--- ENTRIES PROVIDED Enclosed Below ---
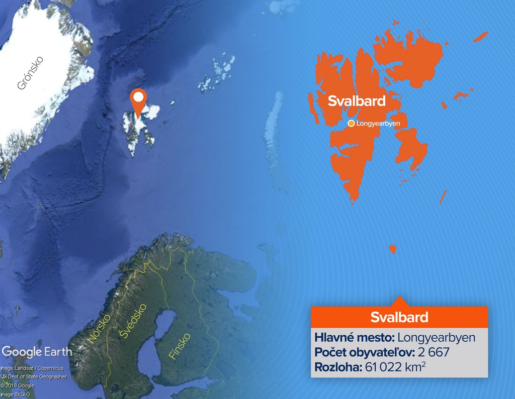 Ostrovy, ktoré ležia za severným polárnym kruhom. Sú pod správou Nórska, ale každý tretí obyvateľ je Rus. Právo ťažiť nerastné suroviny a loviť ryby môže na nich približne 50 štátov, medzi nimi aj Slovensko. Pred pár rokmi tu vybudovali akúsi „Noemovu archu", teda miesto, ktoré má uchrániť život v prípade globálnej katastrofy.
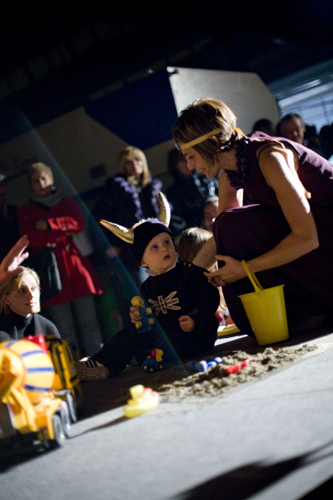 Decine di carriole che vanno e vengono… Il camioncino si allontana. La ruspa compie gli ultimi movimenti e poi esce di scena.
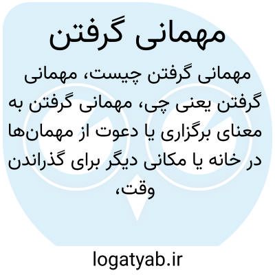 مهمانی گرفتن به معنای برگزاری یا دعوت از مهمان‌ها در خانه یا مکانی دیگر برای گذراندن وقت، جشن گرفتن، یا مناسبت خاصی است. این عمل معمولاً با فراهم کردن خوراکی، نوشیدنی و سرگرمی همراه است.
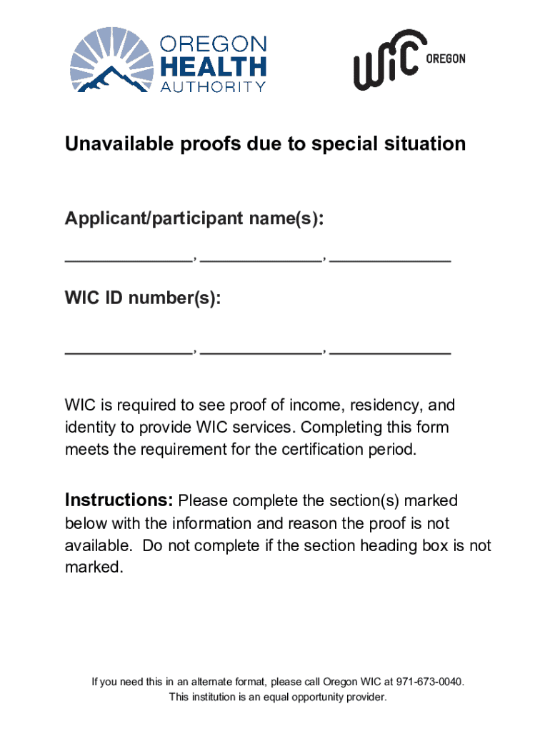 Este formulario es requerido por WIC para documentar la falta de pruebas de ingresos, residencia e identidad debido a situaciones especiales. Completar este formulario cumple con los requisitos para el período de certificación.
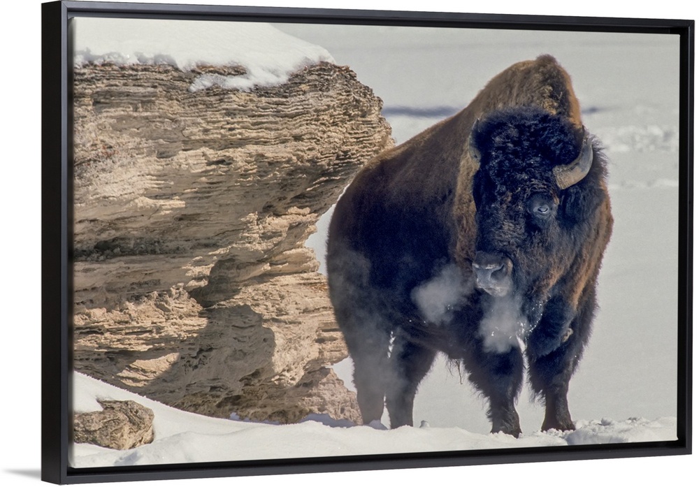 <p>A bison bull (Bison bison) soaks up the winter sun standing near a travertine rock to block the wind, close to the sunny south side of the Soda Butte Cone in Lamar Valley, Yellowstone National Park, Wyoming, United States of America. This bison bull was standing close to the sunny south side of the Soda Butte Cone. He was soaking up as much heat as he could by standing broadside to the sun and using the bare travertine rock as a reflector and wind block. I timed my.photograph to catch the plumes of breath from his nostrils as he exhaled in.the below-zero cold.</p>
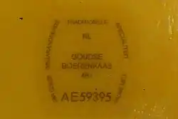 Boerenkaas (lit.'farmhouse cheese') is a Dutch cheese, most of which is handmade from raw milk[44] from cattle, goats, sheep or buffalo. The cheese may also contain cumin or other seeds, herbs, and spices. Only Dutch cheese produced on a cheese farm in accordance with traditional and controlled production methods may be sold as Boerenkaas.[45]
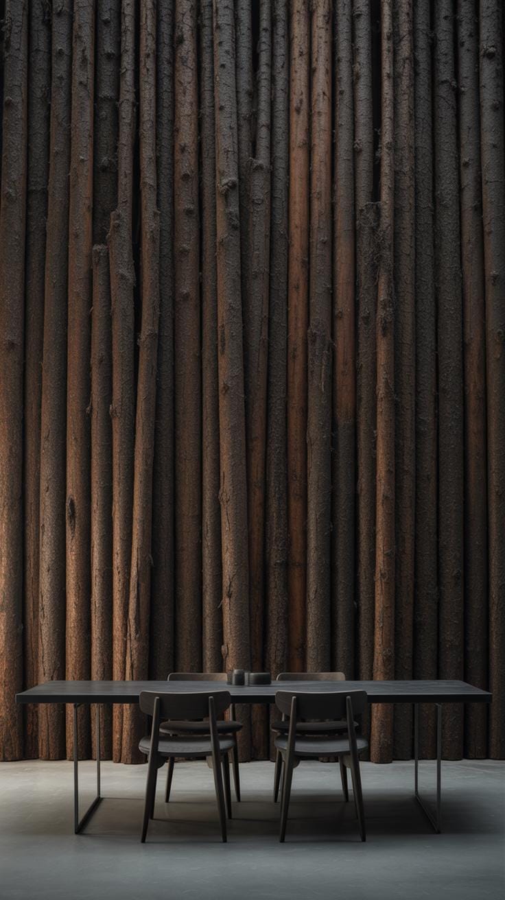 Wood furniture or accents work well because they echo those earthy tones within tree wallpaper. Think raw or lightly finished woods rather than overly polished pieces. You might try:
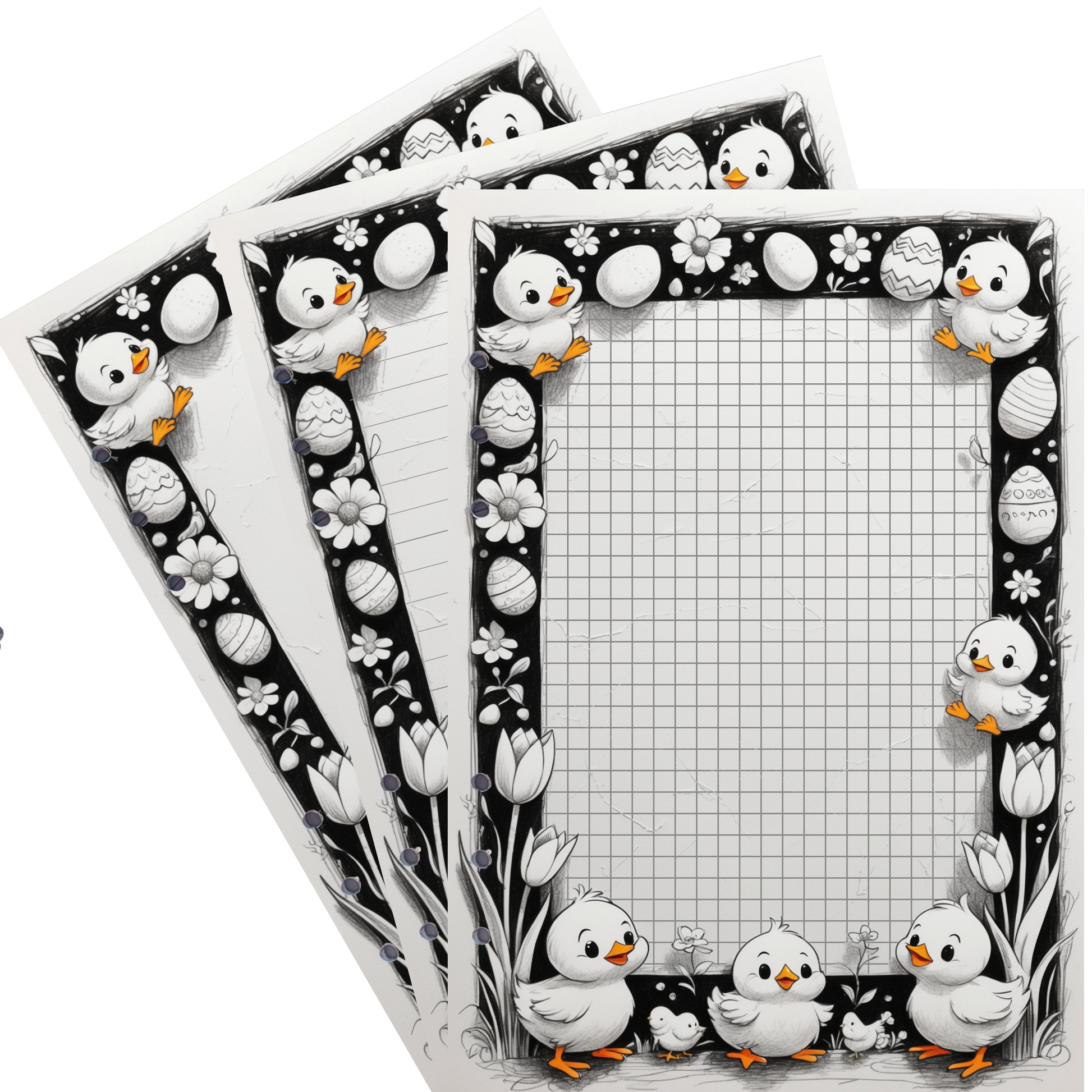 Bringen Sie fröhliche Farben in Ihre Notizen mit unseren DIN A5 Ringbucheinlagen im "Happy Easter 45"-Design! Dieses Design zeigt viele niedliche weiße Küken mit orangefarbenen Füßchen und Schnäbeln, die auf einem schwarzen Rahmen angeordnet sind. Die klaren Konturen bieten eine großartige Vorlage zum Ausmalen und Gestalten. Lassen Sie Ihrer Kreativität freien Lauf, indem Sie die Küken und den Rahmen nach Belieben ausmalen und so Ihre Notizen individuell verschönern.
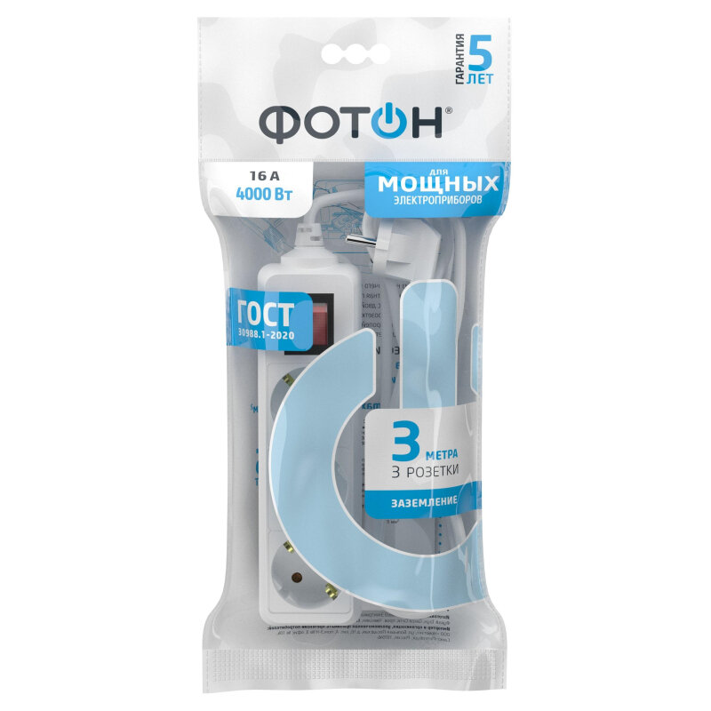 Удлинитель сетевой для розетки фотон 16А 5м 3 розетки с заземлением белый, ГОСТ
--- End of Enclosed ENTRIES PROVIDED ---
YOUR ASSIGNMENT
No pictures should appear in the copy, and each record above is to be returned exactly.

RESPONSE
 Ostrovy, ktoré ležia za severným polárnym kruhom. Sú pod správou Nórska, ale každý tretí obyvateľ je Rus. Právo ťažiť nerastné suroviny a loviť ryby môže na nich približne 50 štátov, medzi nimi aj Slovensko. Pred pár rokmi tu vybudovali akúsi „Noemovu archu", teda miesto, ktoré má uchrániť život v prípade globálnej katastrofy.
 Decine di carriole che vanno e vengono… Il camioncino si allontana. La ruspa compie gli ultimi movimenti e poi esce di scena.
 مهمانی گرفتن به معنای برگزاری یا دعوت از مهمان‌ها در خانه یا مکانی دیگر برای گذراندن وقت، جشن گرفتن، یا مناسبت خاصی است. این عمل معمولاً با فراهم کردن خوراکی، نوشیدنی و سرگرمی همراه است.
 Este formulario es requerido por WIC para documentar la falta de pruebas de ingresos, residencia e identidad debido a situaciones especiales. Completar este formulario cumple con los requisitos para el período de certificación.
 <p>A bison bull (Bison bison) soaks up the winter sun standing near a travertine rock to block the wind, close to the sunny south side of the Soda Butte Cone in Lamar Valley, Yellowstone National Park, Wyoming, United States of America. This bison bull was standing close to the sunny south side of the Soda Butte Cone. He was soaking up as much heat as he could by standing broadside to the sun and using the bare travertine rock as a reflector and wind block. I timed my.photograph to catch the plumes of breath from his nostrils as he exhaled in.the below-zero cold.</p>
 Boerenkaas (lit.'farmhouse cheese') is a Dutch cheese, most of which is handmade from raw milk[44] from cattle, goats, sheep or buffalo. The cheese may also contain cumin or other seeds, herbs, and spices. Only Dutch cheese produced on a cheese farm in accordance with traditional and controlled production methods may be sold as Boerenkaas.[45]
 Wood furniture or accents work well because they echo those earthy tones within tree wallpaper. Think raw or lightly finished woods rather than overly polished pieces. You might try:
 Bringen Sie fröhliche Farben in Ihre Notizen mit unseren DIN A5 Ringbucheinlagen im "Happy Easter 45"-Design! Dieses Design zeigt viele niedliche weiße Küken mit orangefarbenen Füßchen und Schnäbeln, die auf einem schwarzen Rahmen angeordnet sind. Die klaren Konturen bieten eine großartige Vorlage zum Ausmalen und Gestalten. Lassen Sie Ihrer Kreativität freien Lauf, indem Sie die Küken und den Rahmen nach Belieben ausmalen und so Ihre Notizen individuell verschönern.
 Удлинитель сетевой для розетки фотон 16А 5м 3 розетки с заземлением белый, ГОСТ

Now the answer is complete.